Task statement: Return the material below exactly, but only from the line with "Дождь, снег и" through the line with "Sur les tables", and without its pictures.
Provided entries: Begin
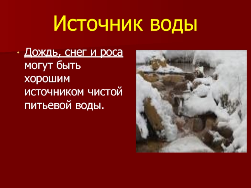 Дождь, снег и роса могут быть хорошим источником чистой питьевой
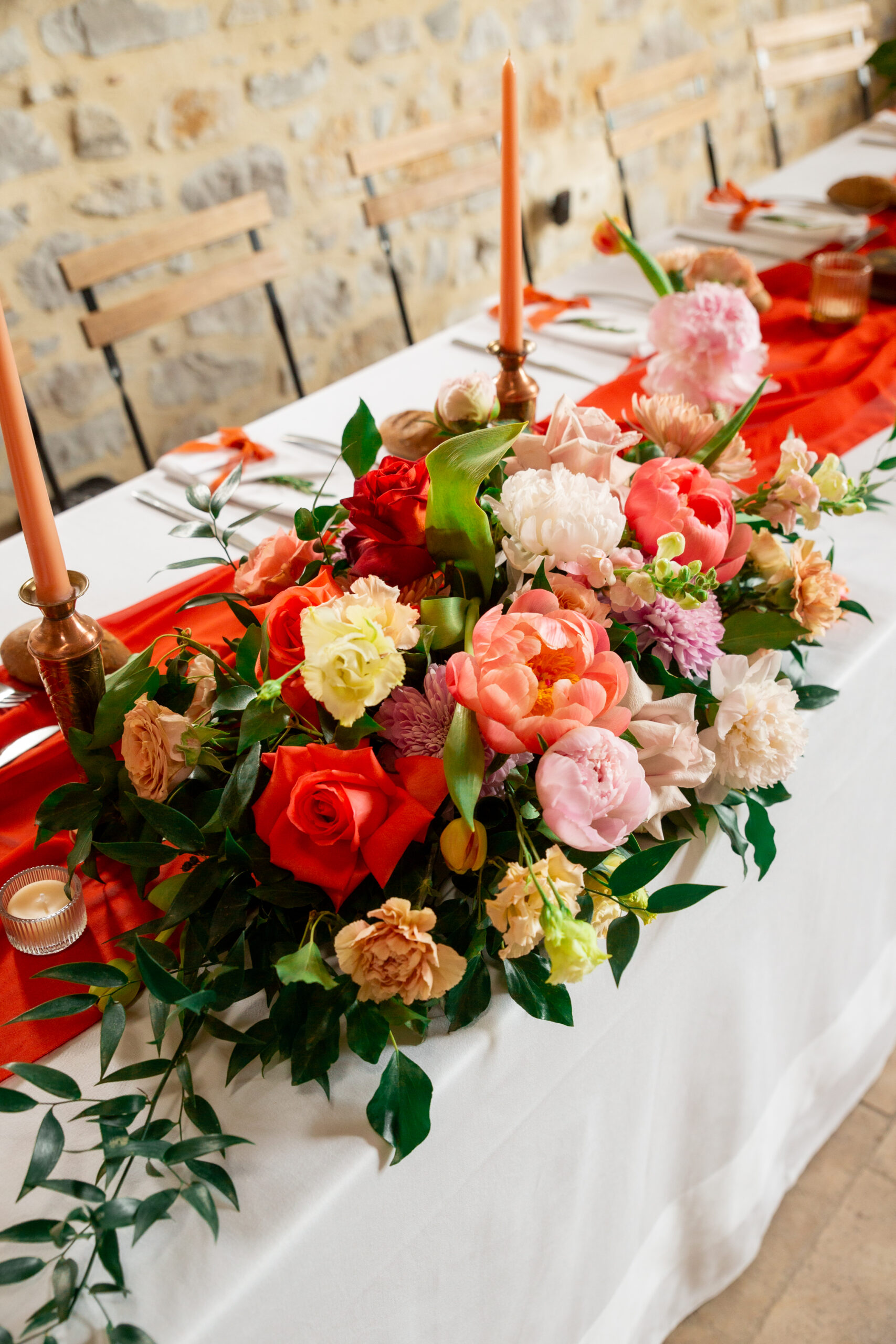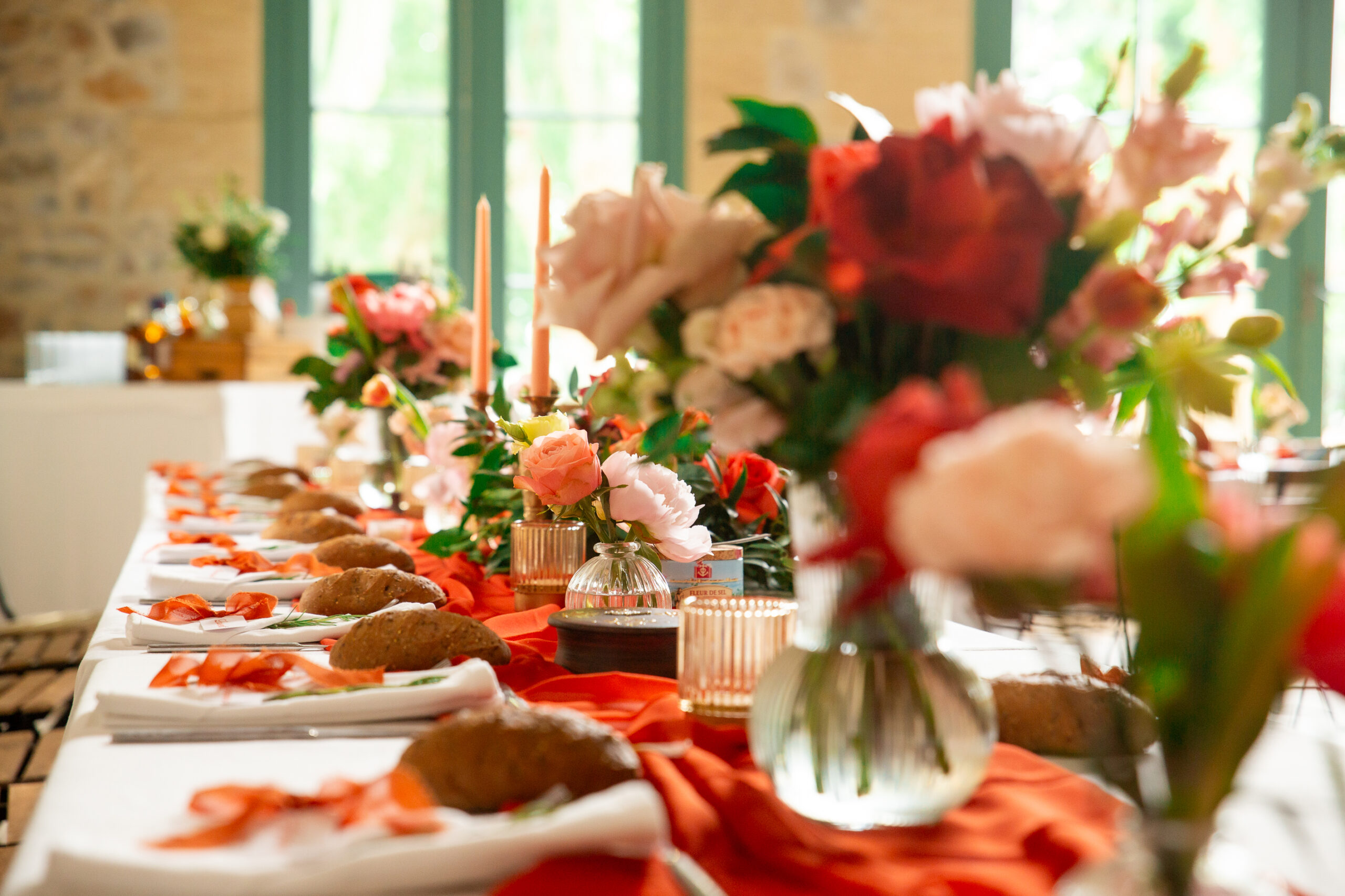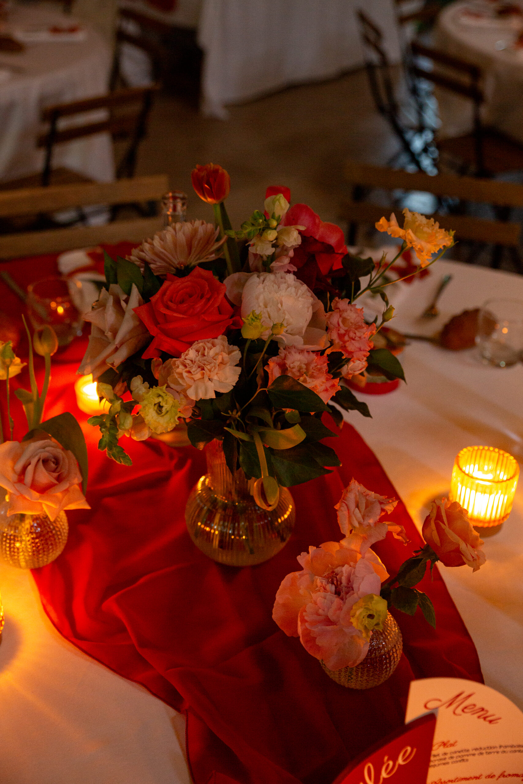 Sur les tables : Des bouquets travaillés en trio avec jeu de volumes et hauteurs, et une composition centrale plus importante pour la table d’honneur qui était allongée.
Provided entries: End
Provided entries: Begin
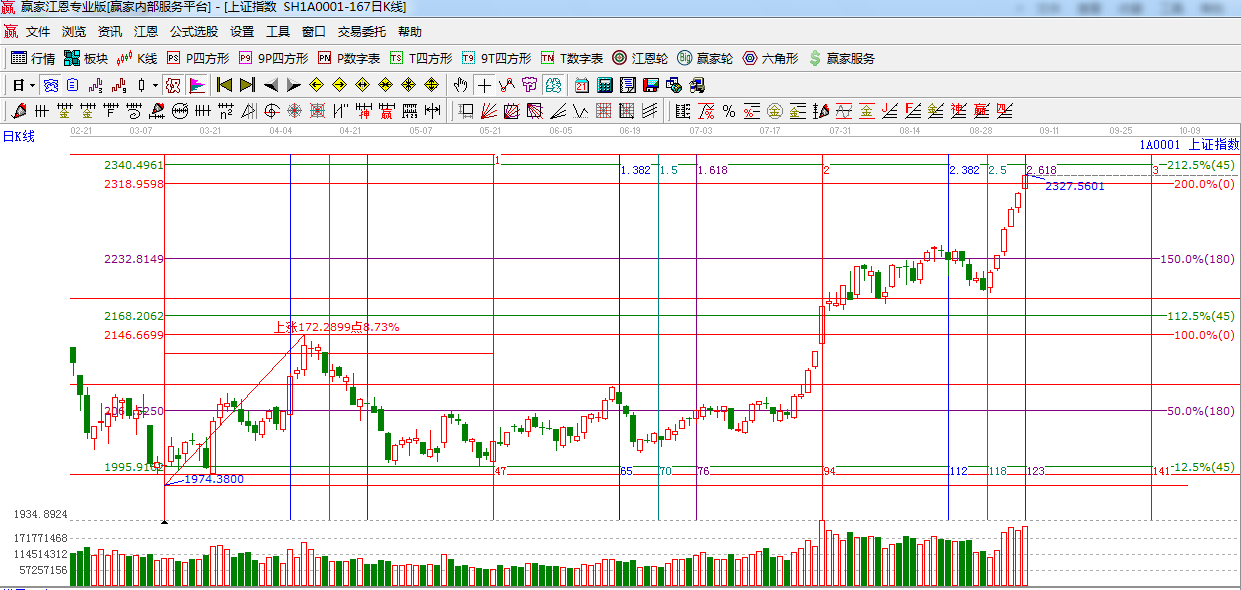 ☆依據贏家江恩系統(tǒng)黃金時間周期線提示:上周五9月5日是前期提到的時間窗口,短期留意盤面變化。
Provided entries: End
Provided entries: Begin
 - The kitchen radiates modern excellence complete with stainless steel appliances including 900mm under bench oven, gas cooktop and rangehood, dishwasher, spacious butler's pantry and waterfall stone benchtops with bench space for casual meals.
Provided entries: End
Exercise solution:
 Дождь, снег и роса могут быть хорошим источником чистой питьевой
 Sur les tables : Des bouquets travaillés en trio avec jeu de volumes et hauteurs, et une composition centrale plus importante pour la table d’honneur qui était allongée.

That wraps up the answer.